Even a cursory glance at the new MHCC guidelines, which urge mental health systems to develop better partnerships with existing family organizations, demonstrates that this is the kind of service that needs to be expanded not eliminated. BCSS Executive Director Jane Duval says that the current needs in Vancouver/Richmond are so vast that two coordinators would barely be able to respond to the requests for help. There is nothing within the mental health system that can replace the loss of this key support for families who find themselves in the most desperate of circumstances.

One of the shocking aspects about the decision to eliminate the main support for family caregivers is how it was handled. A Family Advisory Committee has been part of Vancouver Community Mental Health Services for over 10 years. It was created to get family input on decisions impacting family caregivers. The option of cutting this essential service was never discussed with them.

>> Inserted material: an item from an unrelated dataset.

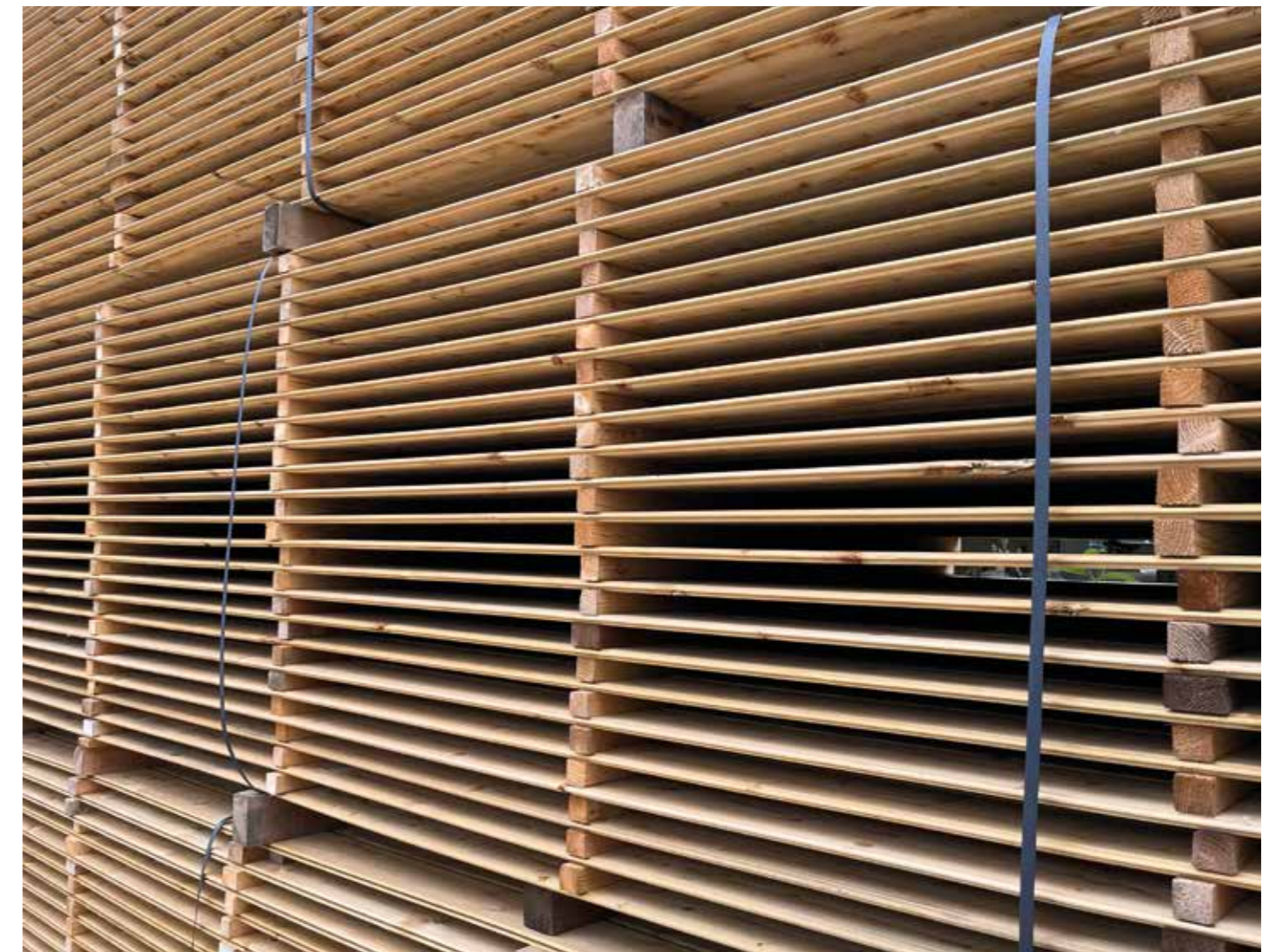
Latted timber drying process

The new MHCC guidelines have given family caregivers a valuable new tool in their work to improve services for people with mental illnesses and the families who care for them. The document emphasizes the enormous savings that the unpaid work of family caregivers contributes to the healthcare system. As well, it discusses the significant strain that caregiving puts on these families. It also contains basic, sensible recommendations. Now families just have to figure out how to get provincial and regional health authorities to see the wisdom in making the necessary improvements.